Collection entries
[Start of Attachment]
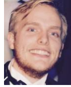
Andreas Schippers Muziek. Rode draad
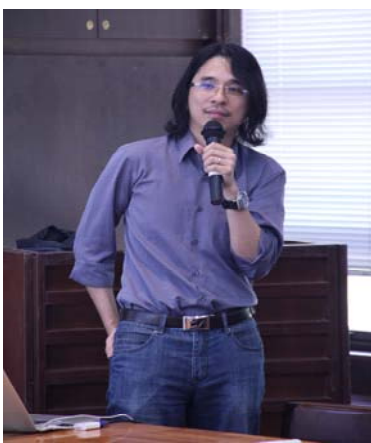
▲葉老師十分重視與學生的互動。除了課堂外，也花心思於經營社群網站關心學生。

葉老師的機率課不僅是第一批在大規模公開線上課程 Coursera 推出的華語課程之一，PaGamO（台語：打 Game 學）更是全球首次放上 MOOCs 的線上遊戲學習系統。PaGamO 模仿一般線上遊戲模式，要佔領土地也要打怪練級，唯一的差別是需靠自己動腦解題才能擴張勢力。且在遊戲過程中學生還能看到全球解題數的世界排名，這讓許多學生瘋狂解題不想下線。這種顛覆傳統的
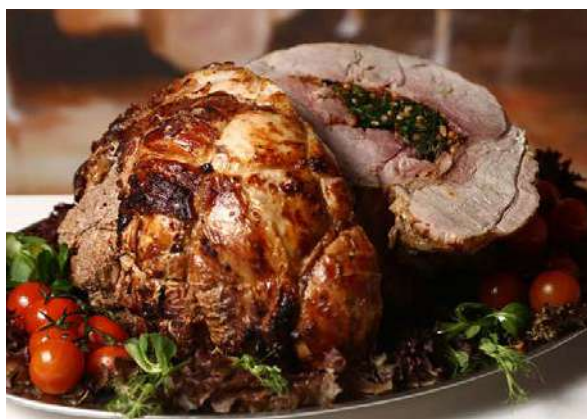
Окорок свиной, с можжевеловыми ягодами

свинина, лук репчатый, можжевеловые ягоды
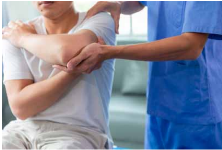
Denuncian. Que que se presentan como “Auxiliares” o “Asistentes de Kinesiología”

“La situación es compleja, ya que los principales damnificados
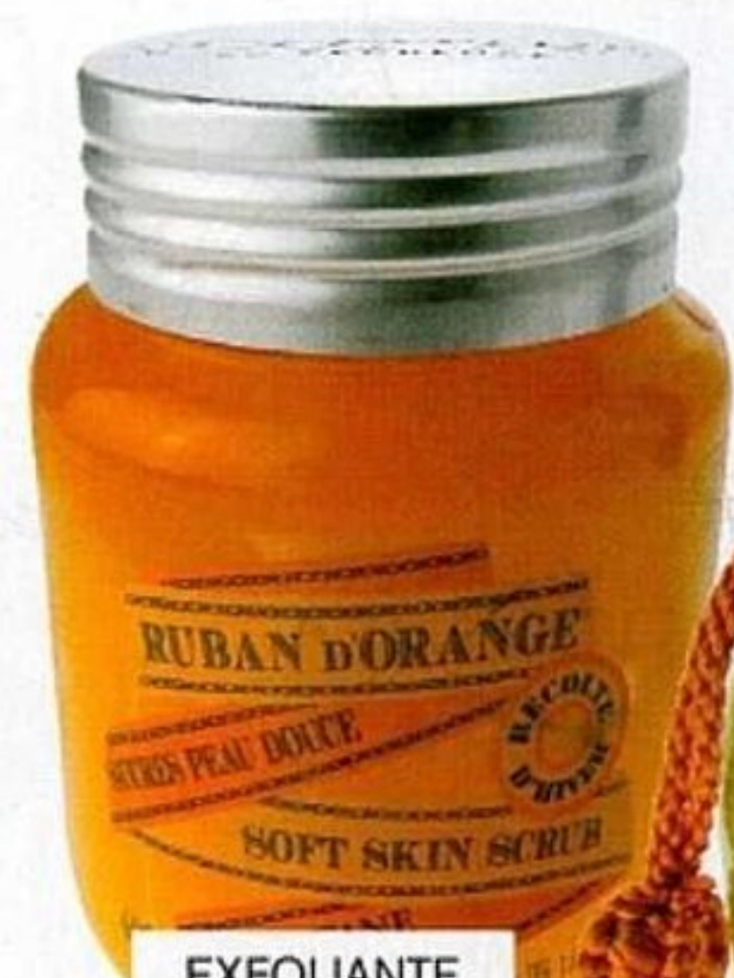
EXFOLIANTE RUBAN D'ORANGE, DE L'OCCITANE (26 €).
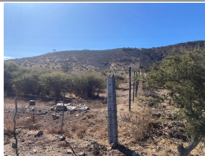
Fotografía N°2 Fecha: 30 de abril de 2024 Coordenadas UTM, WGS84, Huso 19 Norte: 6.397.678 m. Este: 288.098 m. Descripción del medio de prueba: Límite sur oriente del predio donde se proyectó la ejecución del proyecto.
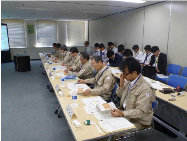
○会議 (事務本館会議室)
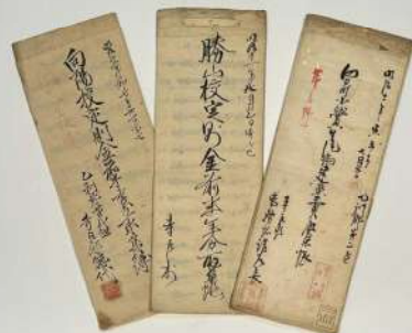
上 向陽尋常小学校正門・本館 昭和2年(1927)／中 向陽校本館新築断面図 明治42年(1909)、授業風景 昭和4年(1929)、 小学校建築費・定期金取集帳 明治11～12年(1878～79)／下 昭和8年(1933)前後の教科書と家庭学習机
[End of Attachment]
Task description>
Retype the entries exactly, skipping every picture.

Output of the exercise>
Andreas Schippers Muziek. Rode draad
▲葉老師十分重視與學生的互動。除了課堂外，也花心思於經營社群網站關心學生。

葉老師的機率課不僅是第一批在大規模公開線上課程 Coursera 推出的華語課程之一，PaGamO（台語：打 Game 學）更是全球首次放上 MOOCs 的線上遊戲學習系統。PaGamO 模仿一般線上遊戲模式，要佔領土地也要打怪練級，唯一的差別是需靠自己動腦解題才能擴張勢力。且在遊戲過程中學生還能看到全球解題數的世界排名，這讓許多學生瘋狂解題不想下線。這種顛覆傳統的
Окорок свиной, с можжевеловыми ягодами

свинина, лук репчатый, можжевеловые ягоды
Denuncian. Que que se presentan como “Auxiliares” o “Asistentes de Kinesiología”

“La situación es compleja, ya que los principales damnificados
EXFOLIANTE RUBAN D'ORANGE, DE L'OCCITANE (26 €).
Fotografía N°2 Fecha: 30 de abril de 2024 Coordenadas UTM, WGS84, Huso 19 Norte: 6.397.678 m. Este: 288.098 m. Descripción del medio de prueba: Límite sur oriente del predio donde se proyectó la ejecución del proyecto.
○会議 (事務本館会議室)
上 向陽尋常小学校正門・本館 昭和2年(1927)／中 向陽校本館新築断面図 明治42年(1909)、授業風景 昭和4年(1929)、 小学校建築費・定期金取集帳 明治11～12年(1878～79)／下 昭和8年(1933)前後の教科書と家庭学習机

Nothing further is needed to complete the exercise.